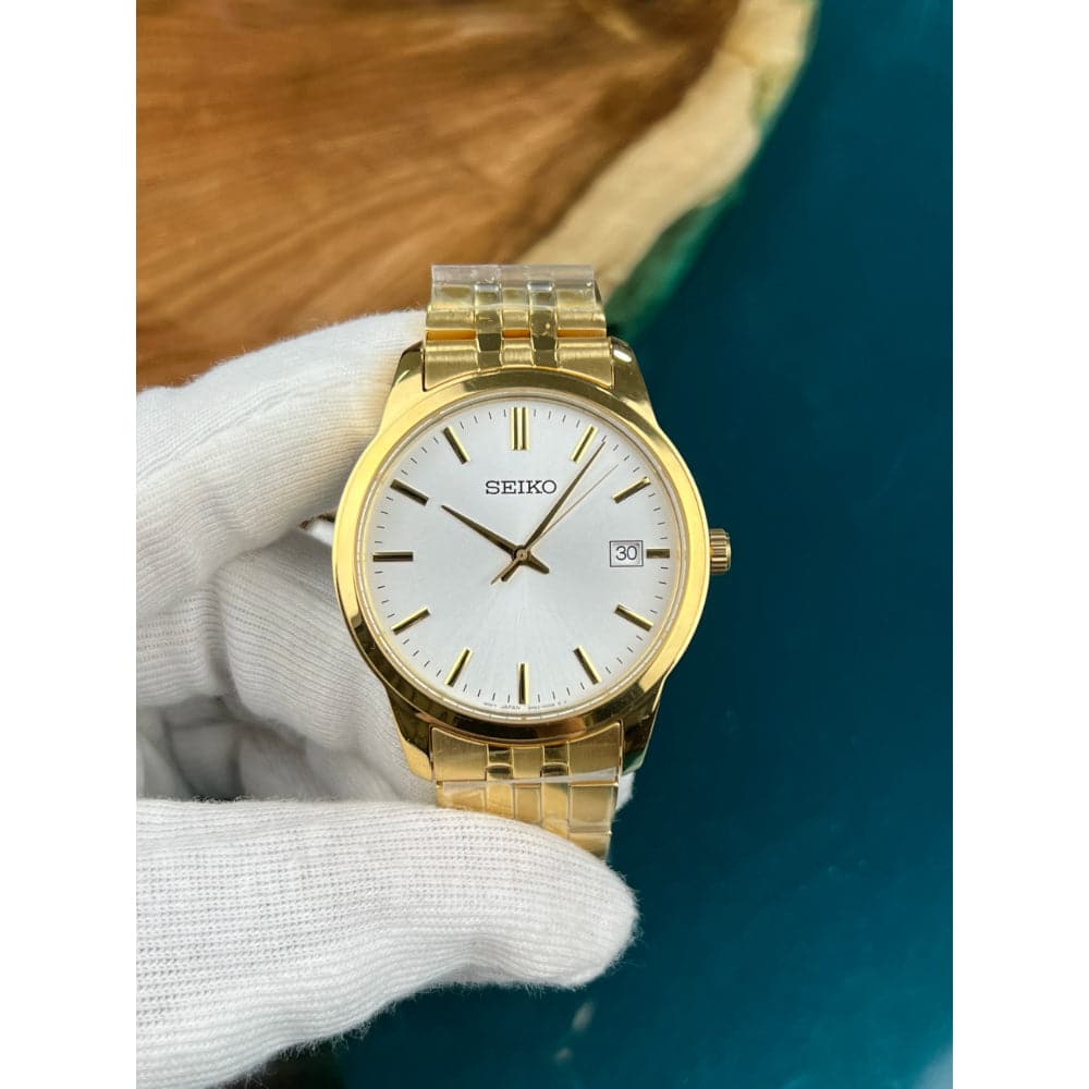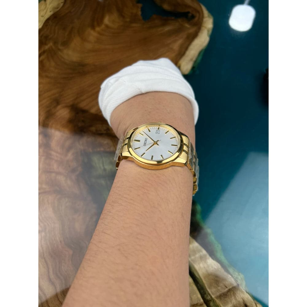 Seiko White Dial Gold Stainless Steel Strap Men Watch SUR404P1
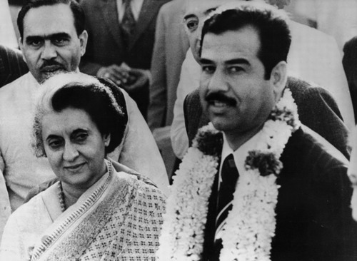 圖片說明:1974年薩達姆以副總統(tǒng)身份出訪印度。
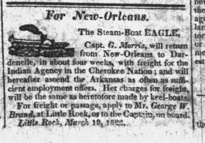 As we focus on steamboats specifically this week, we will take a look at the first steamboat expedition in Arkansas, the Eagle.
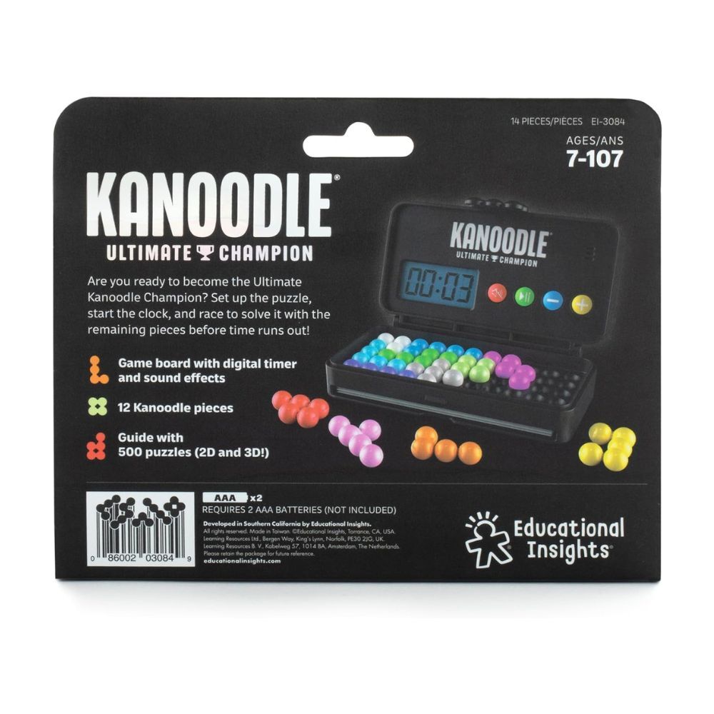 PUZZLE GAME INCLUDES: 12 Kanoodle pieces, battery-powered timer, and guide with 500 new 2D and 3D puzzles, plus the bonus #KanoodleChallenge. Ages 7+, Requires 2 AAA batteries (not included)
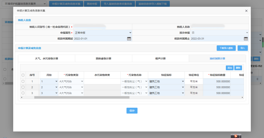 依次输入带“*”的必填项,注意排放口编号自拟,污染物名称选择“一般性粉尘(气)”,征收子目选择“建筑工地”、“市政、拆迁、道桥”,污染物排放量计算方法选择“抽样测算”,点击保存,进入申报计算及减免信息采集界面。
────
Your instructions
Without any pictures, return the entries exactly as given.

Answer
 Seiko White Dial Gold Stainless Steel Strap Men Watch SUR404P1
 圖片說明:1974年薩達姆以副總統(tǒng)身份出訪印度。
 As we focus on steamboats specifically this week, we will take a look at the first steamboat expedition in Arkansas, the Eagle.
 PUZZLE GAME INCLUDES: 12 Kanoodle pieces, battery-powered timer, and guide with 500 new 2D and 3D puzzles, plus the bonus #KanoodleChallenge. Ages 7+, Requires 2 AAA batteries (not included)
 依次输入带“*”的必填项,注意排放口编号自拟,污染物名称选择“一般性粉尘(气)”,征收子目选择“建筑工地”、“市政、拆迁、道桥”,污染物排放量计算方法选择“抽样测算”,点击保存,进入申报计算及减免信息采集界面。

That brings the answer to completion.